Al provvedimento del g.e., pertanto, in quanto solo formalmente conclusivo del procedimento di esecuzione, va applicato il regime previsto dall’art. 616 c.p.c., con il conseguente onere di correzione dell’ordinanza laddove con la stessa non sia stato fissato il termine per l’introduzione (rectius prosecuzione) del giudizio di merito.

QUESTIONI 

[1] In ordine al principio, ormai più che consolidato, secondo cui, a seguito della riforma attuata con la legge n. 52 del 2006, i giudizi oppositivi di cui di cui al titolo V del libro III del codice di rito hanno natura bifasica, per cui dopo una fase davanti al giudice dell’esecuzione che si svolge col rito camerale richiamato dall’art. 185, disp. att. c.p.c. e che si conclude con un provvedimento che decide sull’istanza di sospensione dell’esecuzione, segue una fase eventuale che si svolge con le regole del processo di cognizione piena e si conclude con un provvedimento idoneo a divenire cosa giudicata, v. Cass. 8 febbraio 2016, n. 2490; Cass. 29 maggio 2014, n. 12055; Cass. 24 ottobre 2011, n. 22033; in dottrina, si vis, Metafora, L’opposizione di terzo all’esecuzione, Napoli, 2012, 223 e seguenti.

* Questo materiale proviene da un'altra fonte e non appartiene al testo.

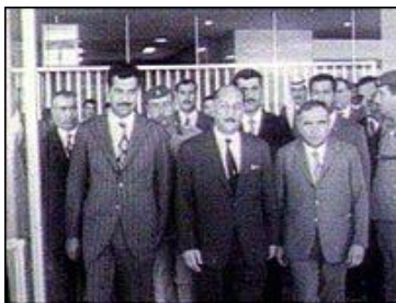
نه حمەد حەسەن بەکر و سەدام حوسەین

La decisione in commento rappresenta il superamento di quell’orientamento sino ad oggi invalso presso la giurisprudenza di legittimità secondo cui andava attribuita natura di sentenza (come tale appellabile) all’ordinanza con cui il g.e., oltre a determinare le modalità dell’esecuzione forzata, risolve questioni circa il diritto della parte istante a procedere ad esecuzione forzata (v. da ultimo Cass. agosto 2015, n. 17314, secondo cui “il provvedimento emesso in forma di ordinanza dal giudice dell’esecuzione per obblighi di fare e di non fare, che dirima in concreto una controversia insorta tra le parti, ove assuma valore sostanziale di sentenza su una opposizione all’esecuzione, è soggetto al regime di impugnazione via via vigente per tale tipo di provvedimento, sicché, se emesso nel periodo tra il 1° marzo 2006 e il 4 luglio 2009, non è appellabile ma esclusivamente ricorribile per cassazione”; analogamente, si v. senza pretesa di esaustività, Cass. 15 luglio 2009, n. 16471; Cass. 8 ottobre 2008, n. 24808; Cass. 23 maggio 2006, n. 12117; Cass. 18 marzo 2003, n. 3990, in AC, 2004, 98; Cass. 10 dicembre 1991, n. 13287, in RFI, 1991, voce Esecuzione forzata degli obblighi di fare o di non fare, n. 9; Cass. 20 settembre 1990, n. 9584, in RFI, 1990, voce cit., n. 5).